Walter Echo-Hawk pointed out that while religious concerns are important, the major issue is equality under the law.
"Indians, as members of the human race and the United States, should receive the same burial protection taken for granted by every other racial and ethnic group," Riding In said.
State laws are often racist in nature, often charging a person looting an Indian grave with a misdemeanor while charging those who commit the same crime against a marked cemetery with a felony.
The Native American Graves Protection and Repatriation Act, passed by Congress in 1990, makes it a crime to disturb graves on federal and tribal lands and makes it a crime to sell human remains.
But, the federal law requires the victims -- Indian people -- to bear the cost of reburying their dead, rather than those who committed the crimes – archaeologists, museum curators, physical anthropologists and others.
Riding In said legislation should address two issues: Should scholars use information gained through the theft of human remains; should universities and libraries pull from their shelves research based on immoral acts.
Those immoral acts were committed against individuals, families and communities.
Harry Coons, a Skidi Pawnee from Oklahoma visited a site in Nebraska in 1896 where he had lived as a boy.
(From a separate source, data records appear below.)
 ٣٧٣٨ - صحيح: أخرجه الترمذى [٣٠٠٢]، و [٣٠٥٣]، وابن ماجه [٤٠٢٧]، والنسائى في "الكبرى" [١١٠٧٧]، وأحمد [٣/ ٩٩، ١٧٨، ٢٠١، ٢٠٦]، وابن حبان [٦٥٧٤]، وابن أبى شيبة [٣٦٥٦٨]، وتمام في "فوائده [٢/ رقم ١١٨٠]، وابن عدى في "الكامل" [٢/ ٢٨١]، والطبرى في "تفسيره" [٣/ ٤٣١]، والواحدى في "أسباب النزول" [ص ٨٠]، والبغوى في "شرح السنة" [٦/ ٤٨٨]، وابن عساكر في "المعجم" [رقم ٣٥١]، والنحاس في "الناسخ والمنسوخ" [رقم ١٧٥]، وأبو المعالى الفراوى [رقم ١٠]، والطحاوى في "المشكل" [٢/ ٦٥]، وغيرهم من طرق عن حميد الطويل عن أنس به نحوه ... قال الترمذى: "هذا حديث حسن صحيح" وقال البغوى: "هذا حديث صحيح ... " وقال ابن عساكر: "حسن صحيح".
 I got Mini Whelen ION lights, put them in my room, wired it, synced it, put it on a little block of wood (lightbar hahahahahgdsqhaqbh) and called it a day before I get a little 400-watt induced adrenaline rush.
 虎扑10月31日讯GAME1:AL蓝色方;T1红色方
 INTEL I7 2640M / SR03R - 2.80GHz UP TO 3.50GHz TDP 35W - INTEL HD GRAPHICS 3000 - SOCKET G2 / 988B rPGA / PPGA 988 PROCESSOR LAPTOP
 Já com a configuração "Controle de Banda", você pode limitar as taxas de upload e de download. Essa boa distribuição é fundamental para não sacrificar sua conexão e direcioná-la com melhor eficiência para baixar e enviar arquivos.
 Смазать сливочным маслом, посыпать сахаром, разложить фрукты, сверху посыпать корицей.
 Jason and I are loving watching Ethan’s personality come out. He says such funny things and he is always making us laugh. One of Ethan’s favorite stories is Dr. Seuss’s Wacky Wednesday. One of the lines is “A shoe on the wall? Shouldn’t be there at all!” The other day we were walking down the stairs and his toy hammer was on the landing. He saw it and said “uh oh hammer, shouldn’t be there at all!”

Coons discovered the gravesites of his sisters had been pillaged.
Riding In said, "Grave looting has caused Indians a great deal of suffering, mental anguish, and distress."
Riding In, who also authored a factual biography of Geronimo, is an assistant professor of justice studies at Arizona State University.
ASU’s Law School course materials for the symposium includes Riding In’s essay, "Without Ethics or Morality: A Historical Overview of Imperial Archaeology and American Indians."